An HTCondor job “is like money in the bank”. After successful submission, HTCondor owns the job, and will run it to completion, even if the submit machine or execute machine crash, and require HTCondor to restart the job elsewhere.
An HTCondor pool is horizontally scalable to hundreds of thousands of execute cores running a similar number of running jobs, and an even larger number of idle jobs. HTCondor is also scalable down to run an entire pool on a single machine, and many scales between these two extremes.
HTCondor, by default, uses strong authentication and encryption on the wire. The HTCondor worker node scratch directories can be encrypted, so that if a node is stolen or broken into, scratch files are unreadable.
- Parallelization without Reimplementation or Redesign
HTCondor is able to run most programs which researchers can run on their laptop or their desktop, in any programming language, such as C, Fortran, Python, Julia, Matlab, R or others, without changing the code. HTCondor will do the work of running your code as parallel jobs, so it is not necessary to implement parallelism in your code.
- Portability and Heterogeneity
HTCondor runs on most Linux distributions and on Windows. A single HTCondor pool can support machines of different OSes. Worker nodes need not be identically provisioned – HTCondor detects the memory, CPU cores, GPUs and other machine resources available on a machine, and only runs jobs that match their needs to the machine’s capabilities.
- Pools of Machines can be Joined Together
Flocking allows jobs submitted from one pool of HTCondor machines to execute on another authorized pool.
- Jobs Can Be Ordered
A set of jobs where the output of one or more jobs becomes the input of one or more other jobs, can be defined, such that HTCondor will run the jobs in the proper order, and organize the inputs and outputs properly. This is accomplished with a directed acyclic graph, where each job is a node in the graph.
- HTCondor Can Use Remote Resources, from a Cloud, a Supercomputer Allocation, or a Grid
Glidein allows jobs submitted to HTCondor to be executed on machines in remote pools in various locations worldwide. These remote pools can be in one or more clouds, in an allocation on a HPC site, in a different HTCondor pool or on a compute grid.
- Sensitive to the Desires of Machine Owners
The owner of a machine has complete priority over the use of the machine. HTCondor lets the machine’s owner decide if and how HTCondor uses the machine. When HTCondor relinquishes the machine, it cleans up any files created by the jobs that ran on the system.
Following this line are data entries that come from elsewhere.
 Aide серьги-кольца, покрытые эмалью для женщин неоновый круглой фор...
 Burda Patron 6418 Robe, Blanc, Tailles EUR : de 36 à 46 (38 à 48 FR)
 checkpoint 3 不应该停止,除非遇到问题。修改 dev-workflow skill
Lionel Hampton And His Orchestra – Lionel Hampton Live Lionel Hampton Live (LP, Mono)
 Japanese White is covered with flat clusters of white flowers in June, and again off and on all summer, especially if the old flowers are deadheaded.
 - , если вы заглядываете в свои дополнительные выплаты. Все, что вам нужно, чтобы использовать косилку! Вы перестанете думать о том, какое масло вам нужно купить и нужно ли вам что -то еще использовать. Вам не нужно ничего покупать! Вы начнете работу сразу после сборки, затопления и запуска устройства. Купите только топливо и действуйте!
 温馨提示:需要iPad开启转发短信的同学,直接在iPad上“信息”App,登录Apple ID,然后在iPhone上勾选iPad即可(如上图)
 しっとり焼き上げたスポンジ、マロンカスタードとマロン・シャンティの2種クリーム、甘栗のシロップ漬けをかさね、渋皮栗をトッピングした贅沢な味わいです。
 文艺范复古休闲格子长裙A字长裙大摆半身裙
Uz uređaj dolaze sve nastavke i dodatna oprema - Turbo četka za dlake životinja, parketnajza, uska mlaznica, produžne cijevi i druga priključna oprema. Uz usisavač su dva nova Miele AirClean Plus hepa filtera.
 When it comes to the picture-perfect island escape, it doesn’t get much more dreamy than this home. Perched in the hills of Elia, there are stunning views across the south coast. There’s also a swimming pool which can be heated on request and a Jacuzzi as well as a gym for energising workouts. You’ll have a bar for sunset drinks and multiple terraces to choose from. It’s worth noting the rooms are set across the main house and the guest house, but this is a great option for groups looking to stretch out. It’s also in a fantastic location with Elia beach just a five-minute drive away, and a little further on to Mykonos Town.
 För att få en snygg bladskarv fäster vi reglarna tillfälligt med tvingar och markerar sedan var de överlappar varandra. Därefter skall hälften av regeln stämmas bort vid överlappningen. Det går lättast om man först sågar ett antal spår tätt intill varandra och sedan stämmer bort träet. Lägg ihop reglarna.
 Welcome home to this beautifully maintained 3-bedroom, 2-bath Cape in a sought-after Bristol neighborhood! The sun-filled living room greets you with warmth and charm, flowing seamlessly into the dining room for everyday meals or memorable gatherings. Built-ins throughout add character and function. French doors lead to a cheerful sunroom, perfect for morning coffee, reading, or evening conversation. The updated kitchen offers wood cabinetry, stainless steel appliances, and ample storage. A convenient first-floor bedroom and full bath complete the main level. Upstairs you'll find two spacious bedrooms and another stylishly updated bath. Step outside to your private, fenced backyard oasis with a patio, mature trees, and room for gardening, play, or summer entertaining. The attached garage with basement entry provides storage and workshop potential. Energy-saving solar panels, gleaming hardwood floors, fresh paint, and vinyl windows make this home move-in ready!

- Flexible Policy Mechanisms
HTCondor allows users to specify very flexible policies for how they want jobs to be run. Conversely, it independently allows the owners of machines to specify very flexible policies about what jobs (if any) should be run on their machines. Together, HTCondor merges and adjudicates these policy requests into one coherent system.
The ClassAd mechanism in HTCondor provides an expressive framework for matchmaking resource requests with resource offers. Users can easily request both job requirements and job desires. For example, a user can require that their job must be started on a machine with a certain amount of memory, but should there be multiple available machines that meet that criteria, to select the one with the most memory.